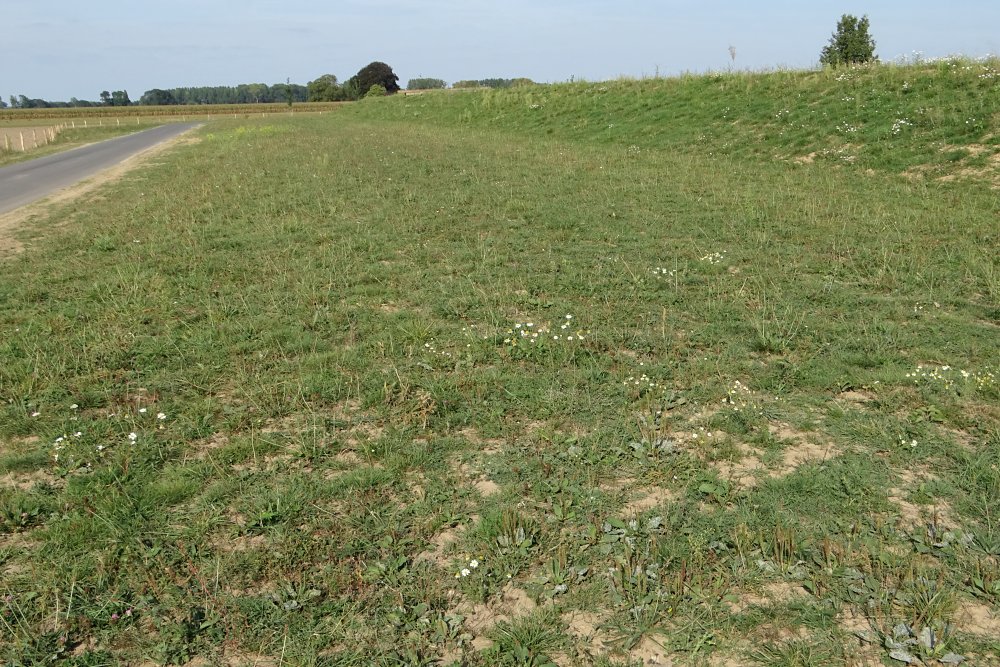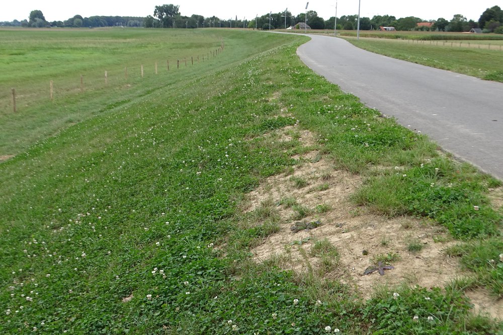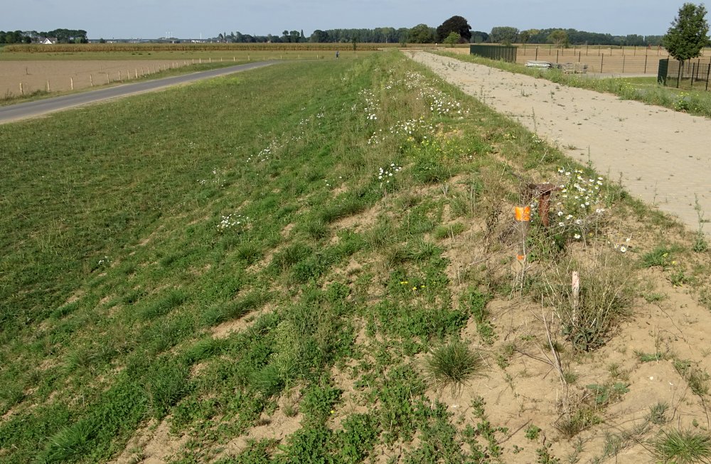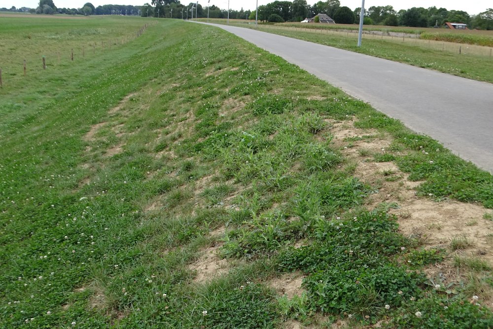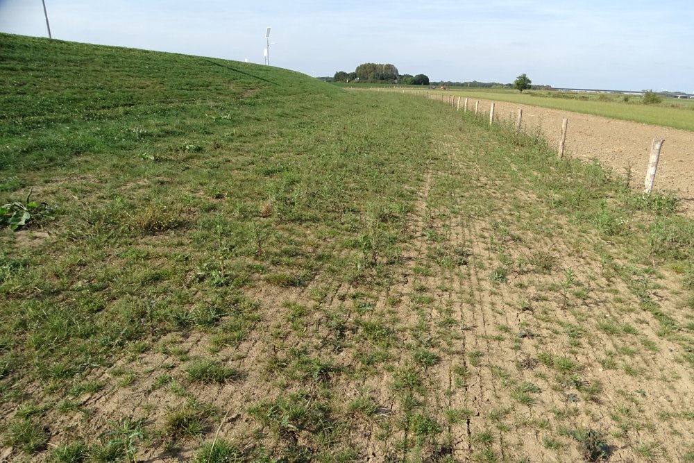 13 De bermen van de onderlangsweg aan de binnenzijde van de nieuw dijk zijn plaatselijk niet of nauwelijks begroeid
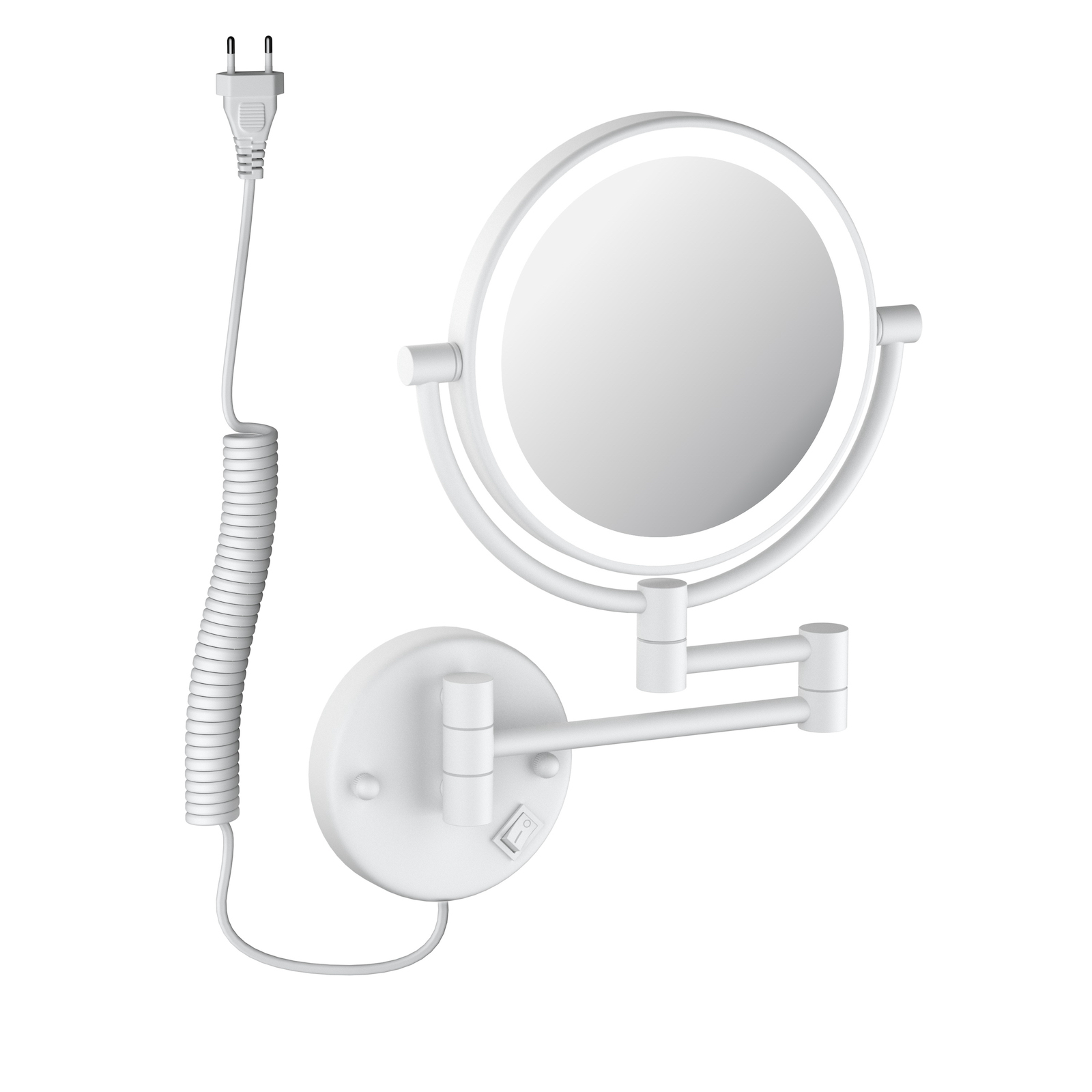 Зеркало косметическое двухстороннее Timo Saona 13376/16 с подсветкой, 5-х кратное увеличение, материал латунь, цвет белый матовый.
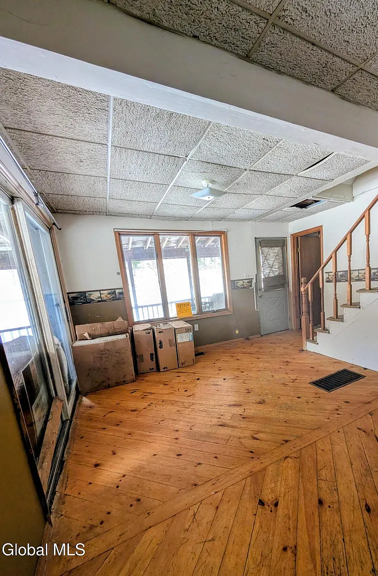 Inside, the home features solid wood and hardwood floors, giving a glimpse of its original character and craftsmanship.
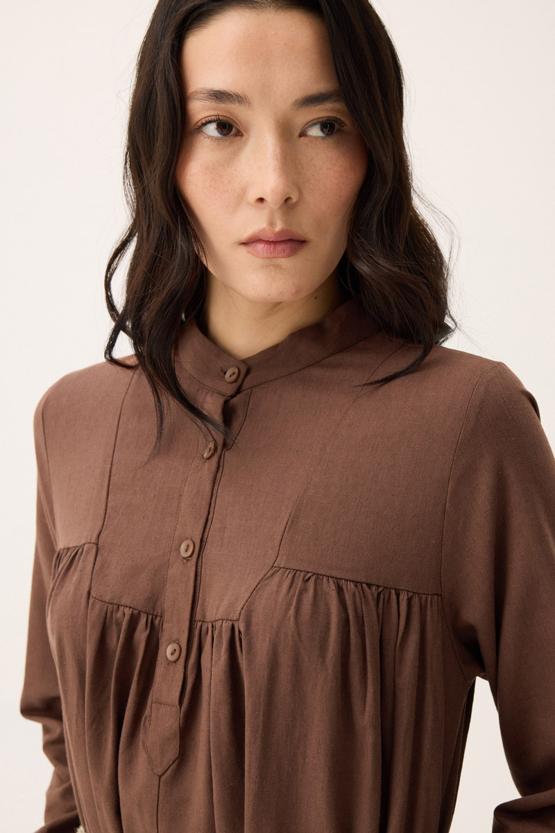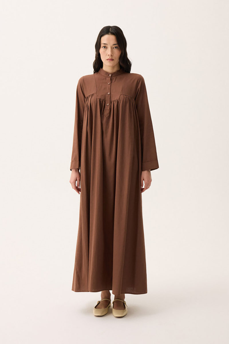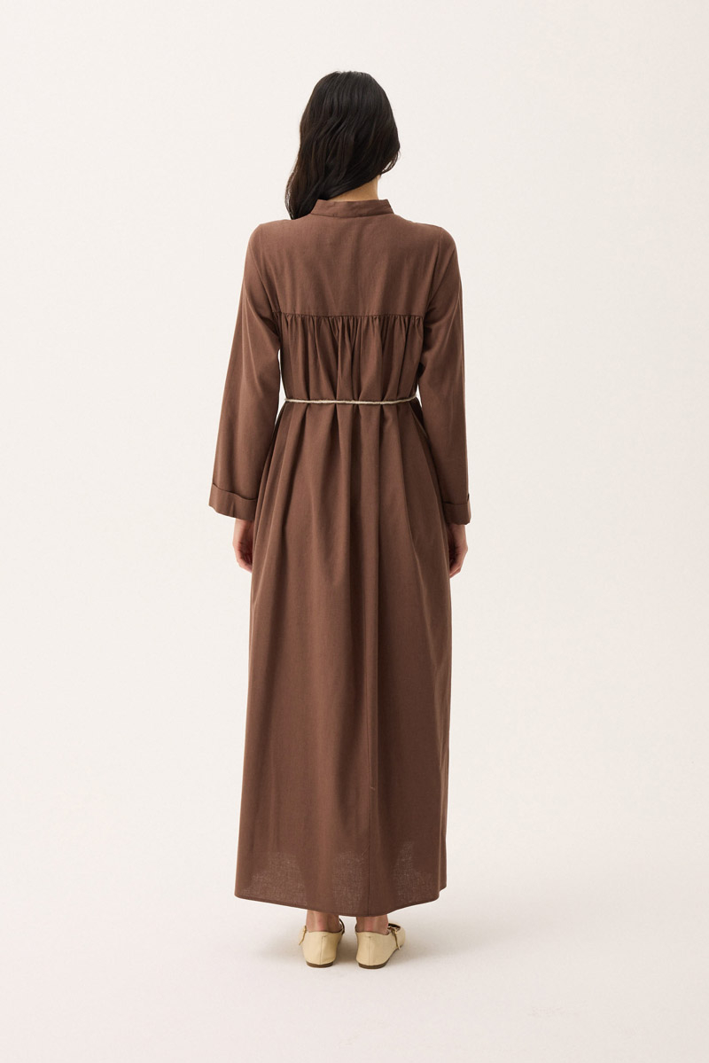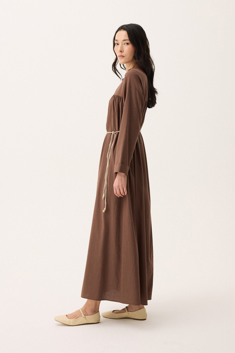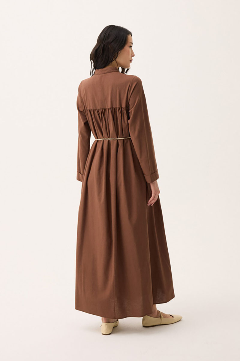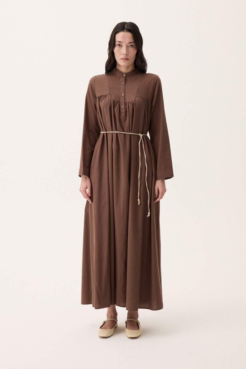 İmge Keten Elbise Kahverengi. Hakim yakadır, Önden büzgü ve roba detaylı olup düğmelidir. yandan ceplidir, double kolludur, bol kalıp, geniş kalıptır, belinde tahta boncuk detaylı hazır ip kordonludur, astarsızdır. Günlük kullanım ve özel günlerinizde tercih edebilirsiniz.
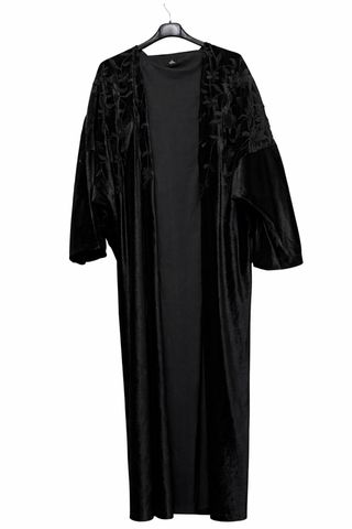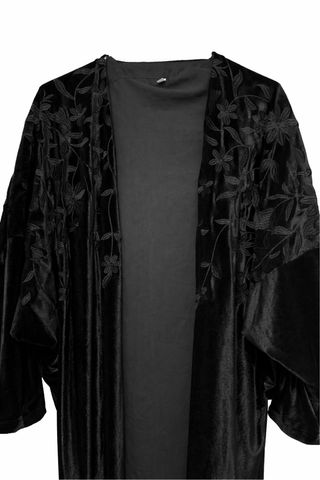 Elegante abaya negra con un delicado bordado floral. - Diseño largo y fluido. - Tejido de terciopelo suave. - Bordado detallado en mangas y parte superior.

━━━━━━━━━━━━━━━━━━━━━━━━━━━━━━

Work task.
Write out word for word every line from the line with "İmge Keten Elbise" through the final line of the records, both included, skipping the pictures.

Response to the task.
 İmge Keten Elbise Kahverengi. Hakim yakadır, Önden büzgü ve roba detaylı olup düğmelidir. yandan ceplidir, double kolludur, bol kalıp, geniş kalıptır, belinde tahta boncuk detaylı hazır ip kordonludur, astarsızdır. Günlük kullanım ve özel günlerinizde tercih edebilirsiniz.
 Elegante abaya negra con un delicado bordado floral. - Diseño largo y fluido. - Tejido de terciopelo suave. - Bordado detallado en mangas y parte superior.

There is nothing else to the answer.